Frequently Asked Questions

This tool parses BLAST XML format 5 (the default -outfmt 5 output from NCBI BLAST+). It reads the standard BlastOutput root schema with nested Iteration, Hit, and Hsp elements. Format 14 (BLAST XML2) uses a different schema and is not supported. If your file has a root element of <BlastXML2> instead of <BlastOutput>, you must re-run BLAST with -outfmt 5.

The converter parses the Hsp_midline element character by character. A pipe character (|) indicates identity - the query and subject residues are identical - colored green. A plus (+) indicates a positive substitution according to the scoring matrix (e.g., BLOSUM62) - colored yellow. A space indicates a mismatch - colored red. Gaps (- characters in Hsp_qseq or Hsp_hseq) are colored gray. For nucleotide BLAST (blastn), only identity and mismatch apply since there are no positive substitutions.

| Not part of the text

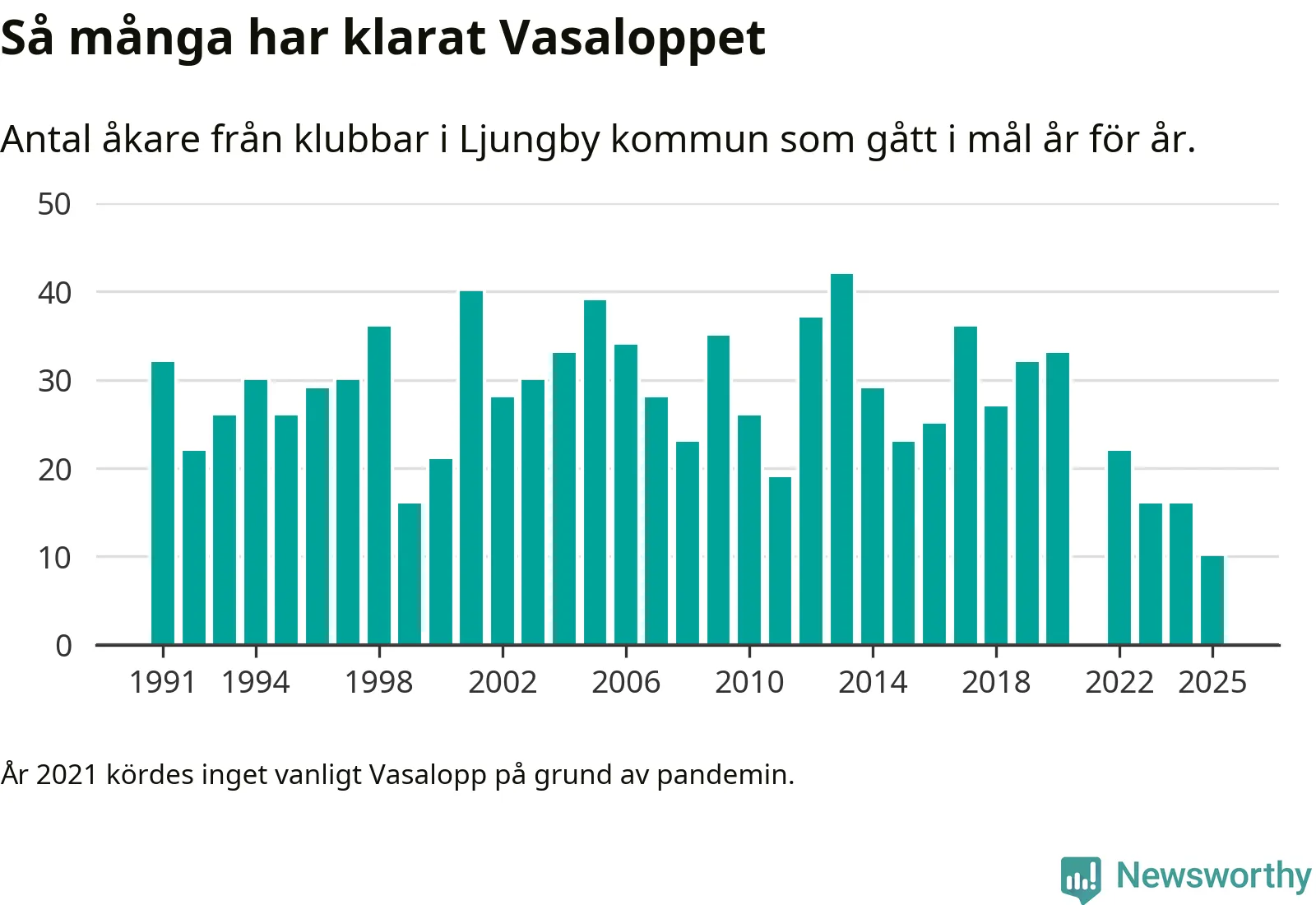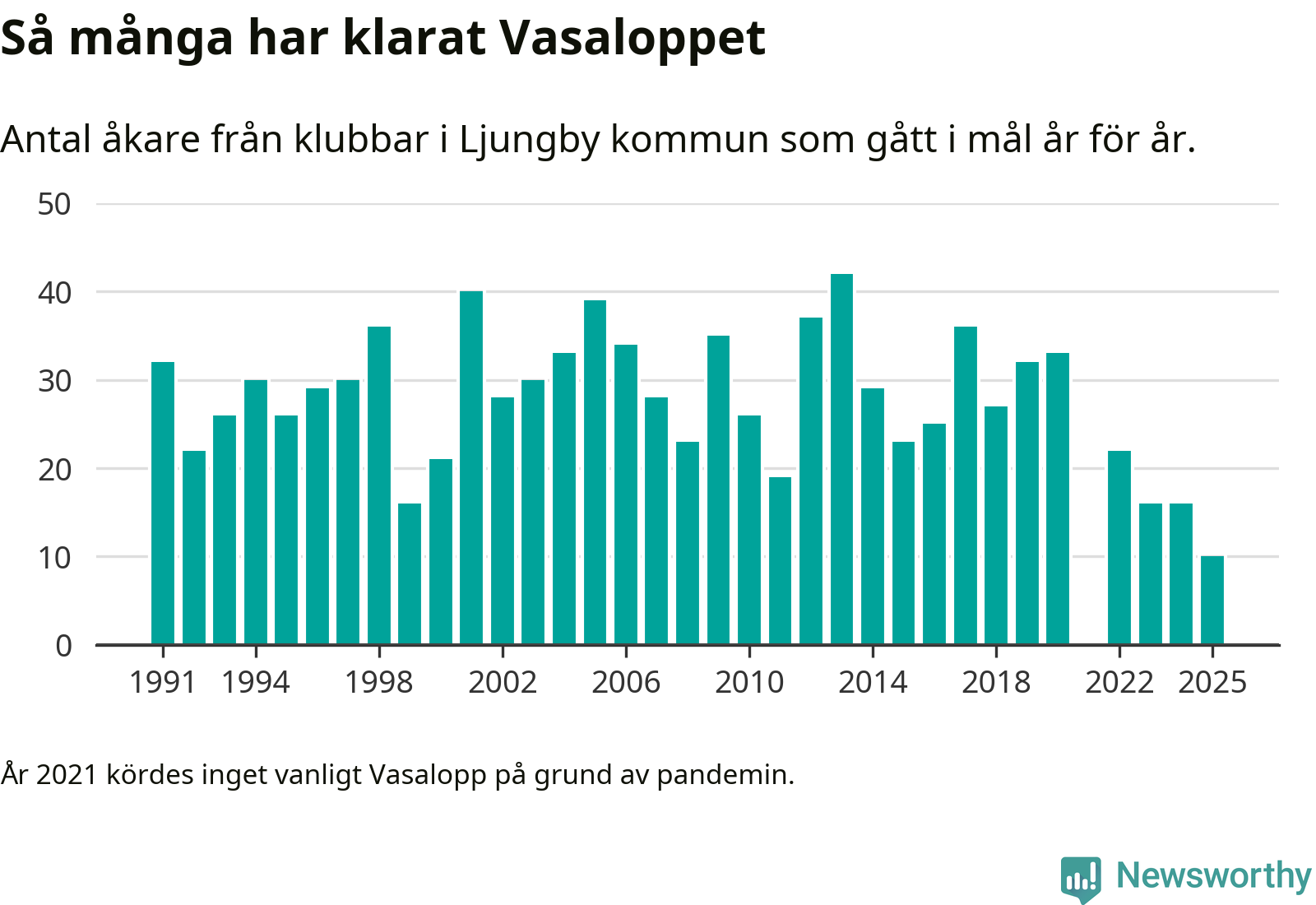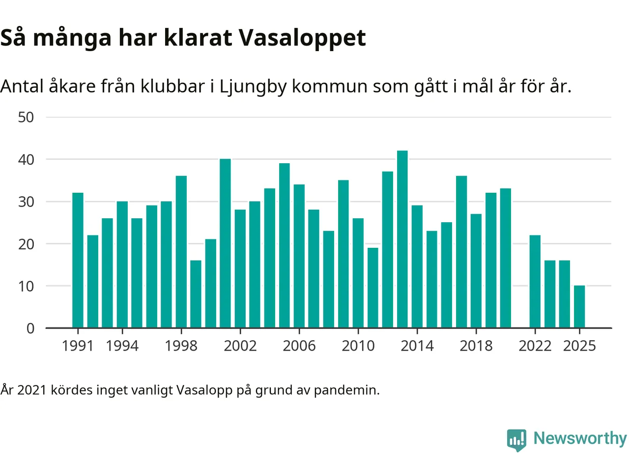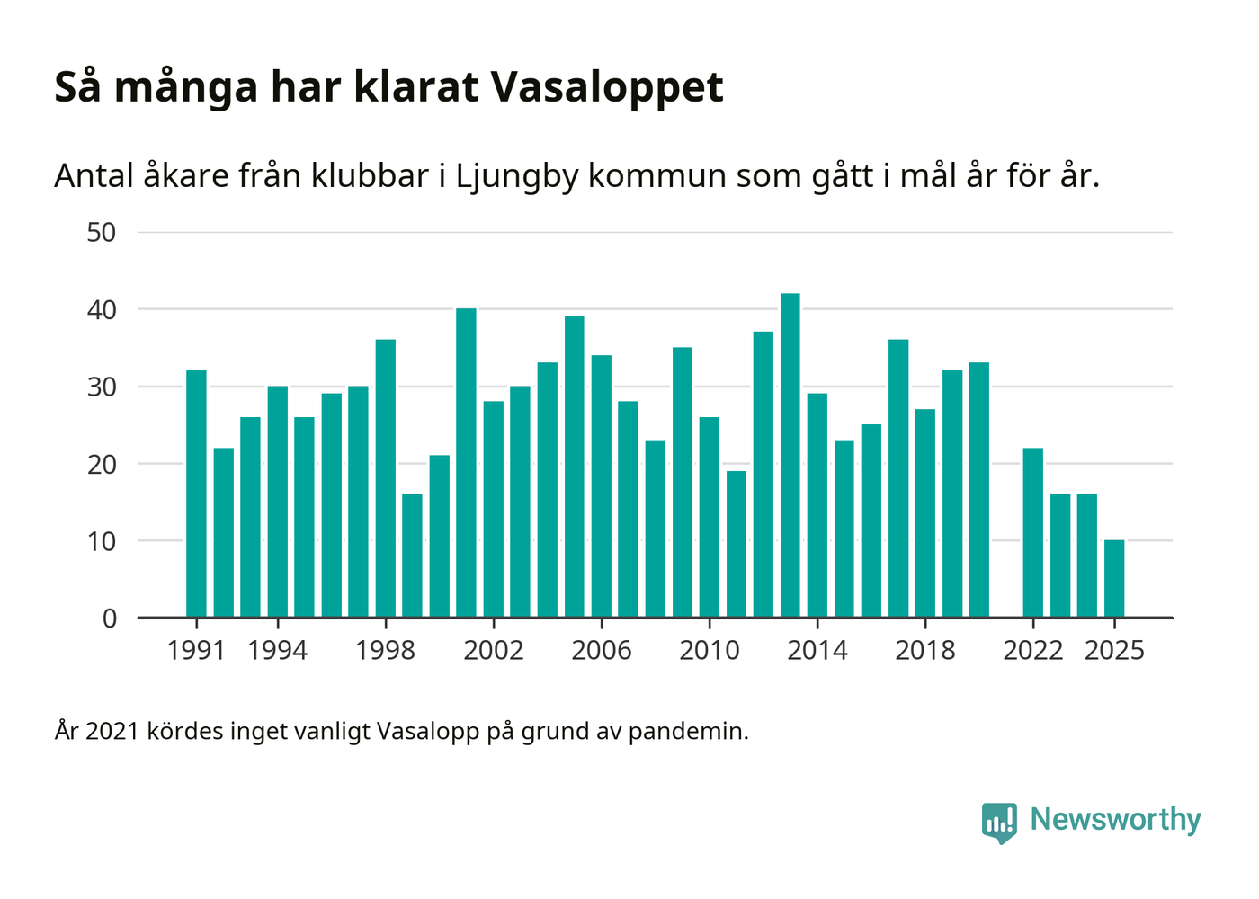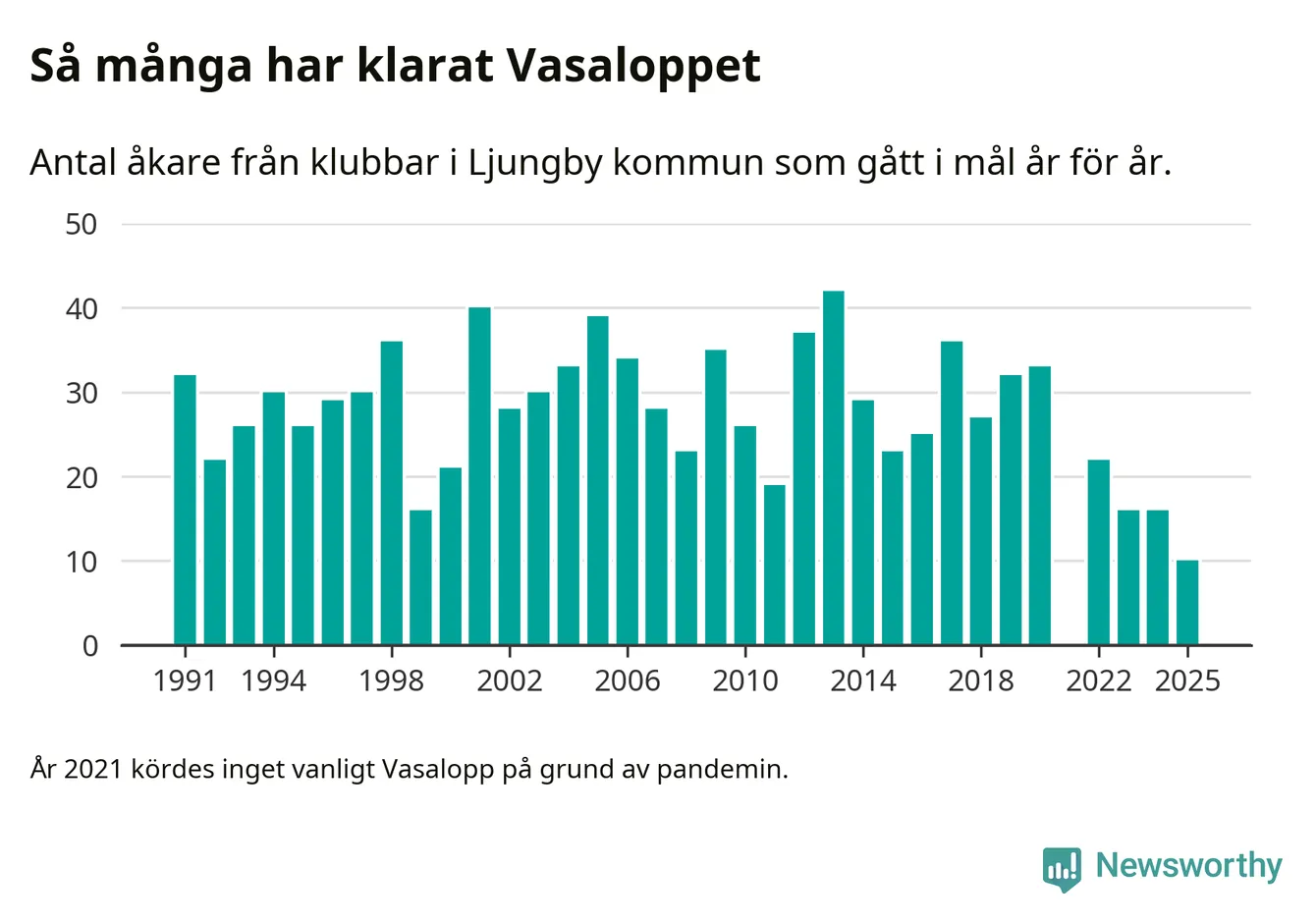 På söndag går starten för det 102:a Vasaloppet. Newsworthy har samlat in och sammanställt samtliga Vasaloppsresultat sedan 1991. Det ger en unik bild av hur skidåkare från klubbar i Ljungby kommun har klarat sig genom åren.

BLAST reports E-values as floating-point numbers. When the true E-value is smaller than approximately 1e-180, BLAST rounds it to 0.0 in the XML output. This is a limitation of the BLAST software, not the converter. An E-value of 0.0 indicates extremely high statistical significance. The converter displays it as reported. For precise values at this range, consult the bit score instead: a bit score above 600 typically corresponds to E-values below 1e-180.

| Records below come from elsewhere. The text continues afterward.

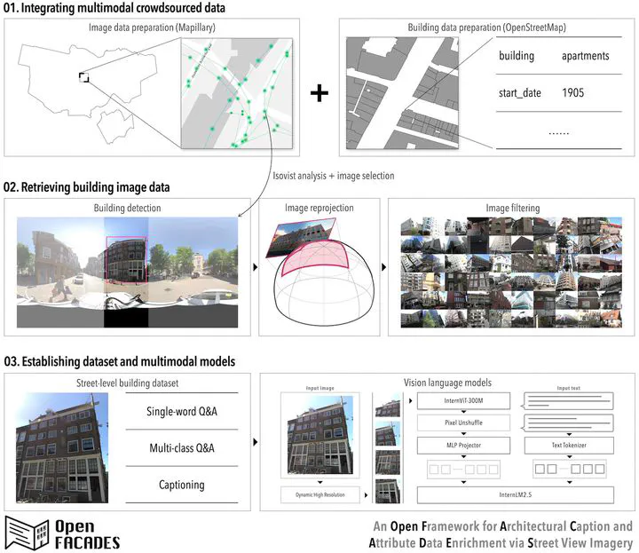 Building properties, such as height, usage, and material, play a crucial role in spatial data infrastructures, supporting various urban applications. Despite their importance, comprehensive building attribute data remain scarce in many urban areas. Recent advances have enabled the extraction of objective building attributes using remote sensing and street-level imagery. However, establishing a pipeline that integrates diverse open datasets, acquires holistic building imagery, and infers comprehensive building attributes at scale remains a significant challenge. Among the first, this study bridges the gaps by introducing OpenFACADES, an open framework that leverages multimodal crowdsourced data to enrich building profiles with both objective attributes and semantic descriptors through multimodal large language models. First, we integrate street-level image metadata from Mapillary with OpenStreetMap geometries via isovist analysis, identifying images that provide suitable vantage points for observing target buildings. Second, we automate the detection of building facades in panoramic imagery and tailor a reprojection approach to convert objects into holistic perspective views that approximate real-world observation. Third, we introduce an innovative approach that harnesses and investigates the capabilities of open-source large vision-language models (VLMs) for multi-attribute prediction and open-vocabulary captioning in building-level analytics, leveraging a globally sourced dataset of 31,180 labeled images from seven cities. Evaluation shows that fine-tuned VLM excel in multi-attribute inference, outperforming single-attribute computer vision models and zero-shot ChatGPT-4o. Further experiments confirm its superior generalization and robustness across culturally distinct region and varying image conditions. Finally, the model is applied for large-scale building annotation, generating a dataset of 1.2 million images for half a million buildings. This open‐source framework enhances the scope, adaptability, and granularity of building‐level assessments, enabling more fine‐grained and interpretable insights into the built environment. Our dataset and code are available openly at: https://github.com/seshing/OpenFACADES.
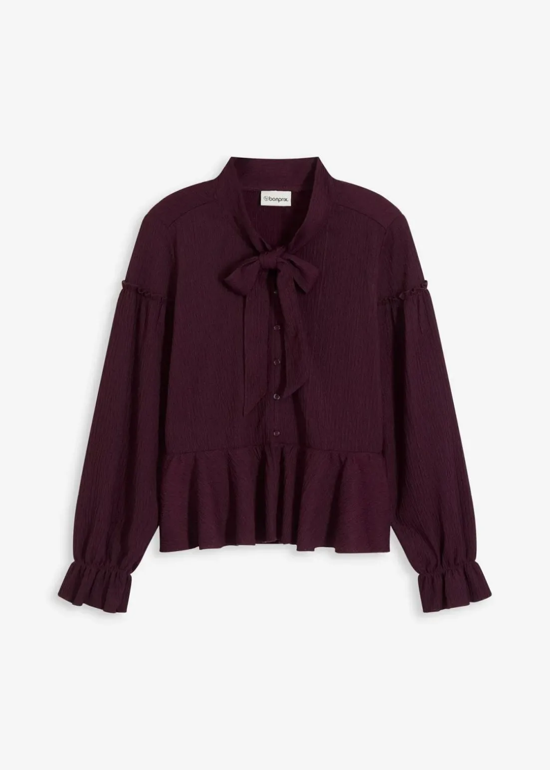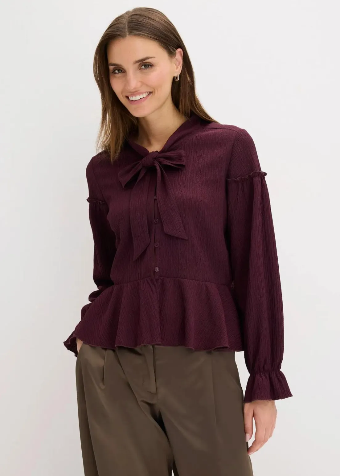 feminines Tunika-Shirt aus strukturiertem Jersey mit Schluppenkragen und Knopfleiste vorne
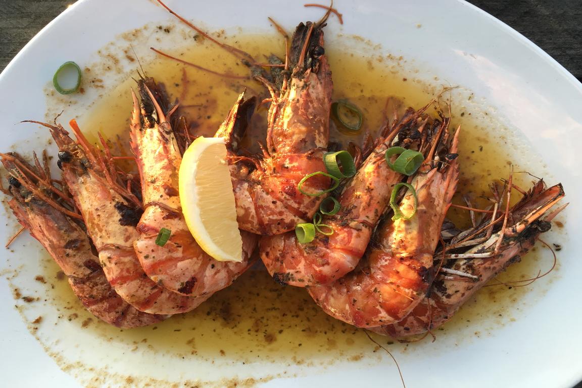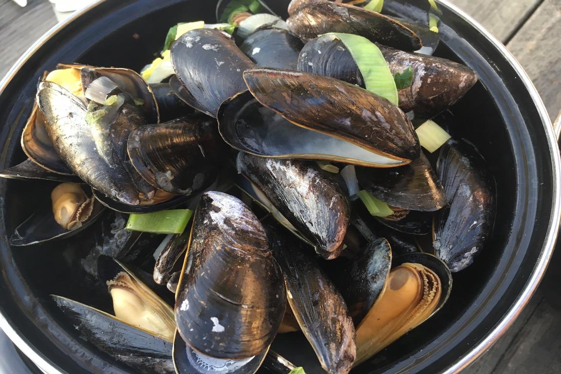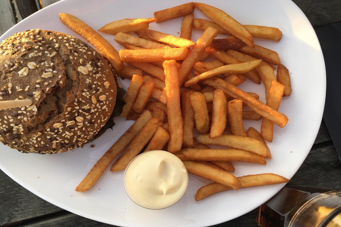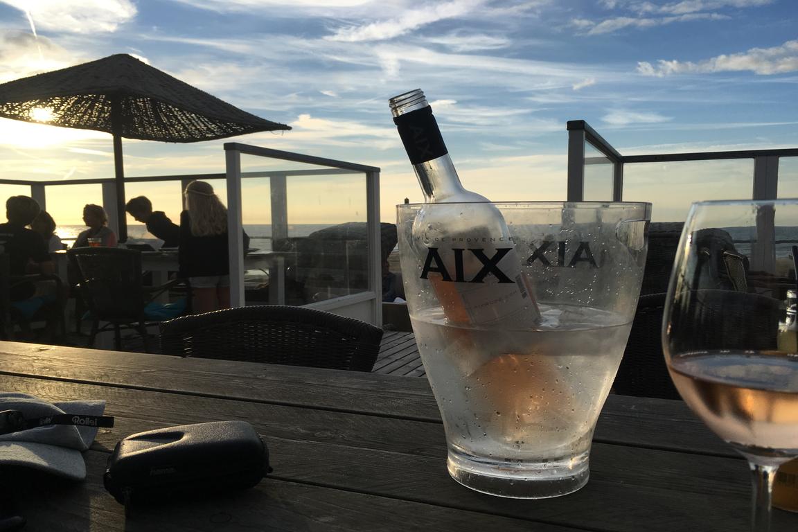 Uns gefiel bei einem sommerlichen Sonnenuntergangs-Dinner auf der Südterrasse nicht nur die maritim-mediterrane Stimmung mit ChillOut-Klänge im Hintergrund, sondern zur Einstimmung der passend gut gekühlte Rose‘ des provencalischen Weingutes „AIX“. Unsere drei Hauptgerichte waren perfekt gerichtet und serviert: Der zur Strandlocation, zum Sound und zur Stimmung passende Hit waren die sechs „Gamba’s a la plancha“: Die richtige Größe, auf den Punkt gegrillt, spanisch gewürzt. Ebenso wurden die flandrischen Geschmäcker bestens befriedigt: Die „Mosselen in Weisswein“ mit Fritten stimmten in Größe, Menge und Geschmack. Und der „Beachhouse Burger Deluxe“ sorgte bei „No Fish-Fraktion“ für viele „Mmmhhhms“ mit vollem Munde und einer „Sehr lecker“-Antwort nach Finalisierung.

Yes. The converter iterates over all elements in the XML. Each query generates a separate section in the HTML output with its own hit table and alignments. For files containing more than 50 iterations, the conversion may take several seconds. The progress indicator will show completion percentage. For files exceeding 50 MB or 500+ queries, performance depends on available browser memory.

Hit definitions (Hit_def) in BLAST XML can span thousands of characters when multiple database entries share identical sequences. The summary table truncates descriptions to 120 characters with an ellipsis. The full description is available in the tooltip (hover) and in the detailed alignment section below the table. No sequence data is ever truncated.

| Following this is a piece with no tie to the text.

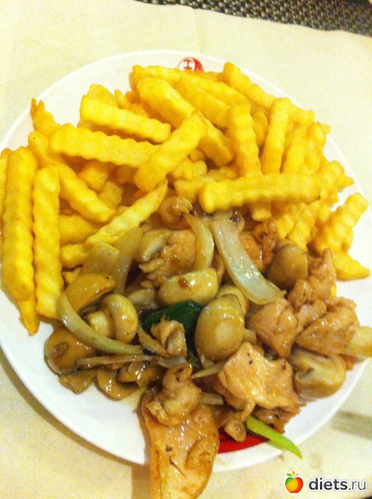 5. пол порции того что на фото - картофель фри, курица с шампиньонами и луком

The converter uses the browser DOMParser API which reports XML syntax errors. If the XML is malformed (unclosed tags, encoding issues, truncated file), the converter will display a specific error message including the line and column of the first parsing error. Common causes include interrupted downloads (truncated files) and character encoding conflicts. Ensure your file is complete and UTF-8 encoded.